Sep 08, 2017: 2:00 - 5:30pm

C7: Owl - Data Science in OCaml

Liang Wang

Abstract

Owl is an OCaml library for scientific computing. It supports N-dimensional arrays, various matrix operations, linear algebra, regressions, fast Fourier transforms, algorithmic differentiation, and many advanced mathematical and statistical functions. Owl is evolving into a power toolkit for data scientists to test their new ideas, evaluate novel designs quickly and safely by providing a consistent and integrated numerical infrastructure. It not only allows us to fast prototype machine learning based algorithms without sacrificing performance, but also guarantees the reliability and robust of the application thanks to OCaml’s powerful type system.

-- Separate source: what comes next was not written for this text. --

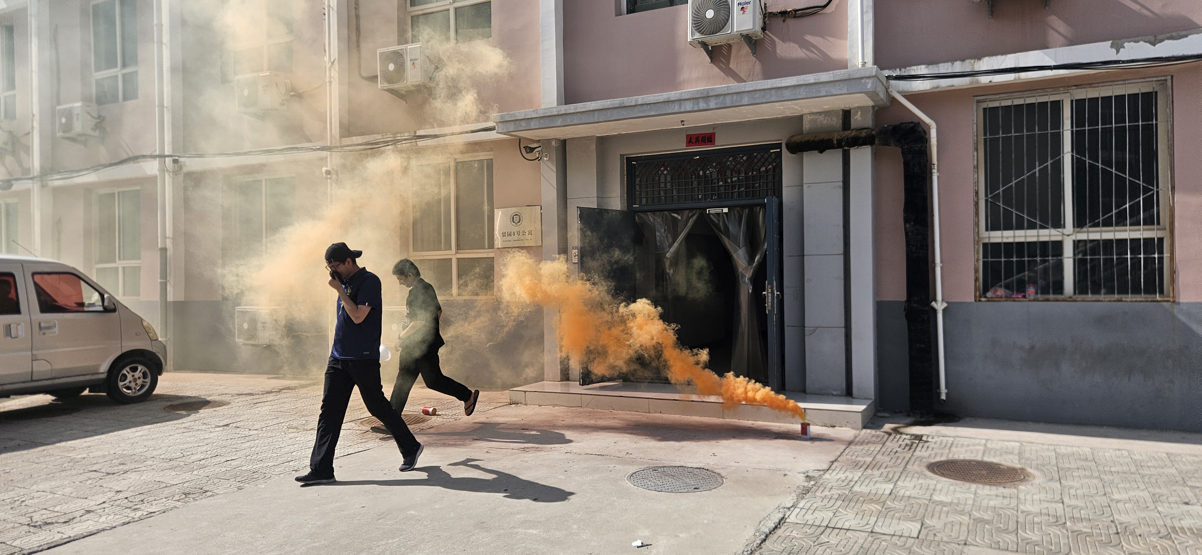 讲座结束后,参训师生在工作人员引导下开展了火灾疏散逃生演练。李昊辰科长将演练步骤、疏散路线、注意事项等消防逃生知识向同学们进行了讲解,强调“冷静判断、迅速反应”的逃生原则。15点30分,安全工作处工作人员在宿舍楼内模拟释放烟雾弹,之后随着消防报警声的响起,各楼层指挥人员迅速到班到岗,沉着冷静地指挥学生用湿毛巾捂住口鼻,尽量将身体放低撤离宿舍,安全、快速、有序地疏散到宿舍楼前空地处,安全员马上清点人数并向现场指挥汇报,火灾疏散逃生演练活动取得了圆满成功。
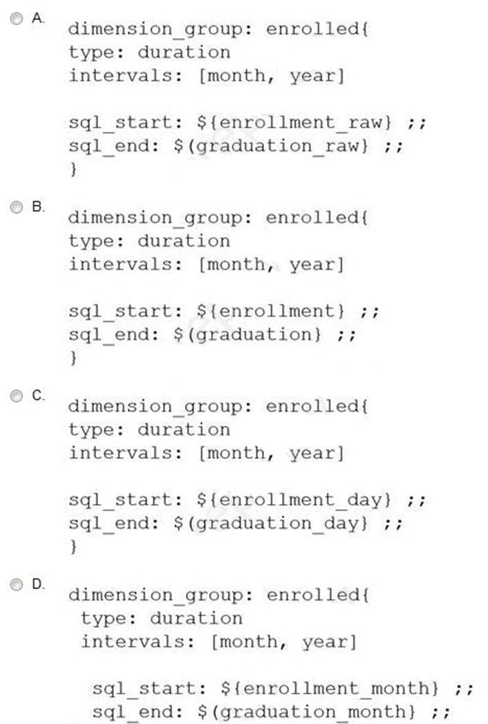 A developer has the dimensions enrollment_month and graduation_month already defined in the view. Both were created as part of dimension_groups of type: time. The developer need to use these two dimensions in the sql_start and sql_end parameters of a dimension group of type: duration.

In this tutorial, tutor will first introduce the overall architecture of Owl by going through its major components: Matrix, Ndarray, Linear algebra, Algodiff, Dataset, Ext module, and etc. Then tutor will show how to use Owl to finish a series of common tasks that every data scientist and industrial practitioner has to deal with in their daily job. The tasks will be carefully designed and arranged (based on their difficulty levels) to cover the following topics: basic data types, matrix operations, indexing, plotting, algorithmic differentiation, machine learning & neural network, and topic modelling.

Tutorial objectives

Audience will gain an overall understanding of Owl and have basic familiarity with Owl's APIs and major components. Audience should be able to use Owl to finish simple numerical computing tasks such as numerical optimization.

Target audience

Anyone with basic functional programming knowledge

Infrastructure required

Owl library needs to be installed beforehand. Alternatively, our docker image can be used for convenience.

Liang Wang

Liang Wang

Liang Wang is a research associate in the Computer Laboratory at University of Cambridge, United Kingdom. He received both his MSc and PhD degrees in Computer Science from University of Helsinki, Finland in 2011 and 2015 respectively. Liang’s research interests include data analytics, distributed data processing, system and network optimization, modeling and analysis of complex networks, and so on.